# Went last night



## Midnight Rider (Sep 30, 2007)

Went last night. Took my brother and my nephew. My nephew had a blast. He gigged 6 of the 8 flounder we got. We had a double header last night also. 2 laying side by side. FYI the gig he was using has stainless lag bolts. Most of the fish he gigged he didnt penatrate all the way through the fish. Notice in the pictures. But he didnt loose any fish due to falling of the gig. Those lag bolts are more forgiving on bad shots than those with barbs. I let him use that gig on purpose.


----------



## FlounderAssassin (Sep 28, 2007)

Looks like Cody had a blast! Wish i had been home to go out too and get me some more! dont catch them all before i get home!!!


----------



## Kozman (Jan 11, 2008)

Nice Fish.....Glad to see the young man doing some gigging.

So......You couldn't be a little bit more specific about where you went could ya? 

Tim


----------



## Flounder Hounder (Nov 9, 2008)

WOW 6 out of the 8? He's going to be putting a lot of pressure on you to go again.

Watching the kids hunt is as much fun as hunting yourself. Their excitement level is contagious.

Congradulations. Thanks for posting. I'm stuck in the desert until the end of April, so I have to do all of my floundering through watching PFF


----------



## IGIG2 (Oct 12, 2008)

Congrats Glad to see they are moving back in, looks like the little guy had a big time. Thanks for sharing:takephoto. How deep of water were ya'll in? looks pretty shallow.


----------



## Midnight Rider (Sep 30, 2007)

> *IGIG2 (3/14/2009)*Congrats Glad to see they are moving back in, looks like the little guy had a big time. Thanks for sharing:takephoto. How deep of water were ya'll in? looks pretty shallow.

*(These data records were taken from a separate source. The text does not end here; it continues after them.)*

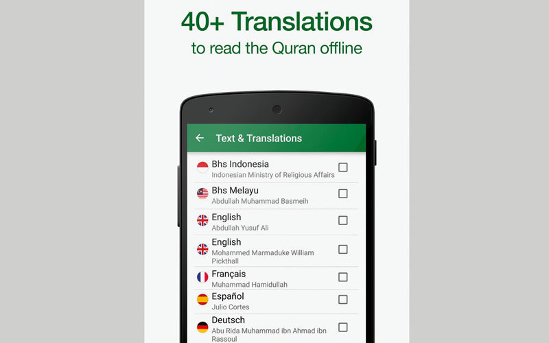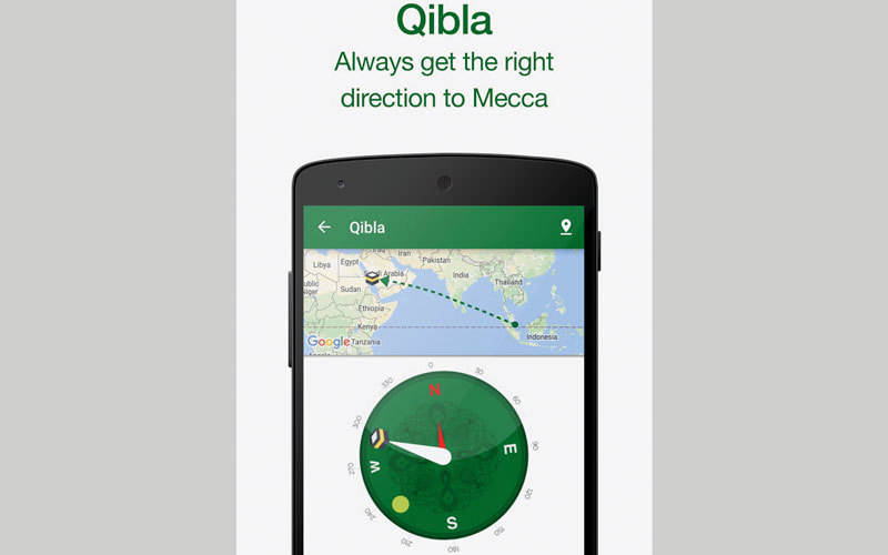 وأضاف أخيراً ملمح التجويد الملون، لتحسين طريقة نطق المستخدم للآيات، إلى جانب قراءة صوتية للقرآن الكريم لعدد من مشاهير القراء، وإتاحته أكثر من 40 ترجمة لمعاني القرآن الكريم، يمكن الوصول إليها من دون اتصال بـ«الويب». ويعرض التطبيق اتجاهات القبلة مع خريطة لتوضيح اتجاه مكة المكرمة، إضافة إلى ملمح إظهار المطاعم التي تقدم الطعام الحلال في المنطقة المحيطة بالمستخدم، فضلاً عن كشف أماكن المساجد الموجودة في الجوار.
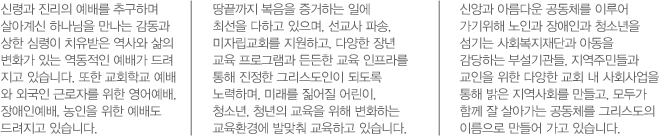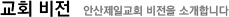 주님의 이름으로 여러분을 초대합니다. 안산제일교회는 정통 장로교 개혁신앙에 기반을 두고 1962년 12월에 안산시 고잔들에서 출발하여 오늘에 이르고 있으며, 우리도시와 민족, 그리고 세계를 주님께 인도하자는 꿈을 품고 소외된 이웃을 찾아, 세계선교를 위해 기도하면서 전력하고 있습니다. 안산제일교회에 오셔서 예수 그리스도를 통해 하나님의 백성이 되는 기쁨을 누리시고, 예수 그리스도의 복음을 증거하는 주역이 되실 수 있기를 진심으로 바랍니다.
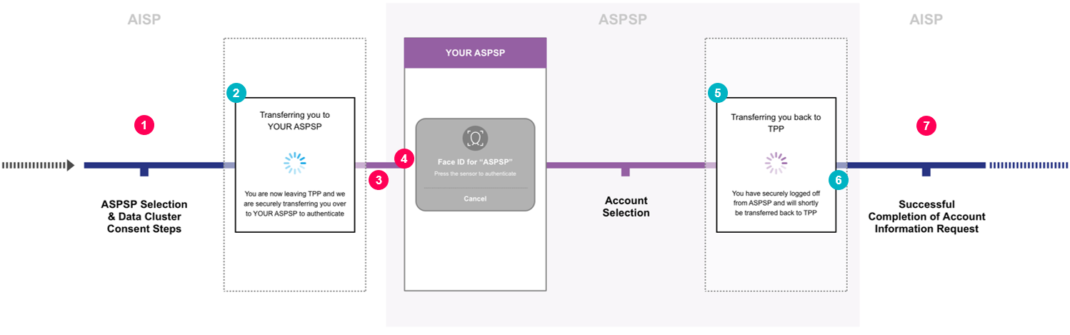After authentication the PSU must be deep linked within the app to confirm the account(s) which they would like the AISP to have access to without having to go through any further mandatory screens. For details on deep linking see Appendix 7.3.
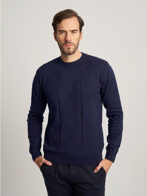 Sweter męski Willsoor Kolor: granatowy w geometryczny wzór Dekolt: okrągły (typ O-neck) Skład: 50% bawełna, 50% akryl Rękawy wykończone ściągaczem Dół wykończony ściągaczem Elastyczna tkanina, prosty fason Jakość: pierwsza Gwarancja: 24 m-ce
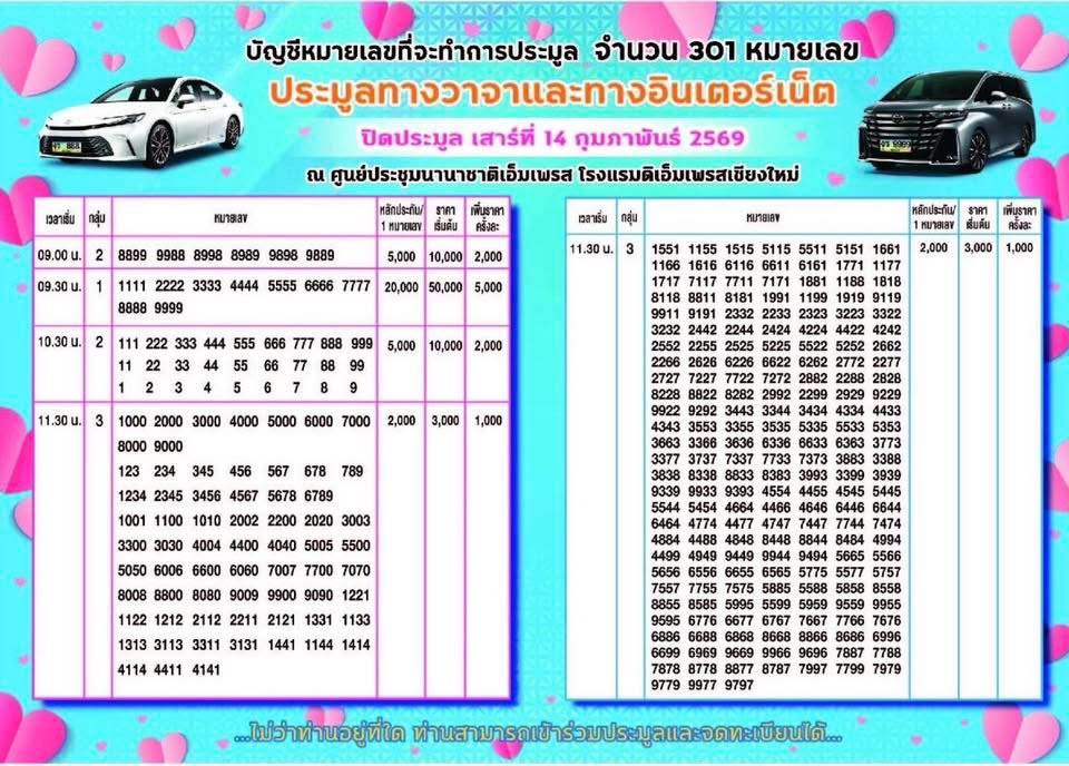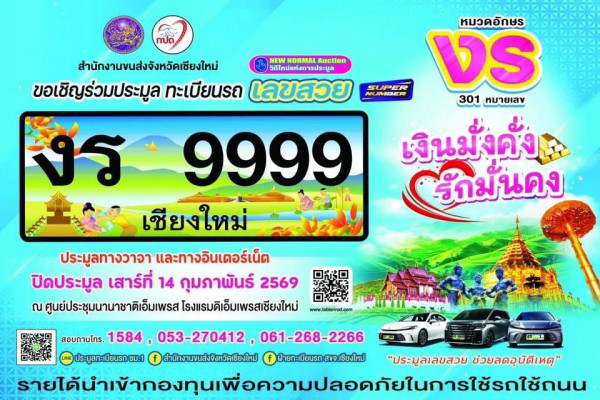 เลขสวยมาแล้ว ขนส่งฯ เชียงใหม่ เปิดประมูลป้ายทะเบียนรถ งร ความหมาย สุดว้าว! “เงินมั่งคั่ง รักมั่นคง” รับเดือนแห่งความรัก

 The majority of the flounder last night werent right up on the beach. Picked up most as we would head out to go around a pier.


----------



## Death From Above (Sep 28, 2007)

Nice catch and pics. Got me wanting to start early! :clap


----------



## Shiznik (Feb 24, 2008)

Those pics are priceless! Hope he got a few copies. He'll never forget that trip. Great report and sounds like you guys have them dialed in now. Hope to make it over and join up one night soon!

:clap:takephoto:clap:takephoto


----------



## Five Prongs Of Fury (Apr 15, 2008)

Glad to see the youngster get in on the action. Looks like things are starting to pick up down that way.


----------



## Midnight Rider (Sep 30, 2007)

> *Five Prongs Of Fury (3/15/2009)*Glad to see the youngster get in on the action. Looks like things are starting to pick up down that way.


Yes the youngster had a great time. The last time we all went together he was in kindergarten. By 8pm he was sound asleep in the bottom of the boat and stayed there covered up with life jackets till we pulled the boat out of the water. According to your pictures it looks like your honey hole is a lot warmer than ours.


----------



## Five Prongs Of Fury (Apr 15, 2008)

> *Midnight Rider (3/17/2009)*
> 
> 
> > *Five Prongs Of Fury (3/15/2009)*Glad to see the youngster get in on the action. Looks like things are starting to pick up down that way.
> ...


Its a decent spot. If the wind wouldn't have been howling I would have stayed longer and I feel confident I could have boated a few more. I was having to watch the whole front of the boat for most of the night so I am pretty sure some got by me.


----------



## Flounder9.75 (Sep 28, 2007)

WTG Glad to see some dead "flatties"


----------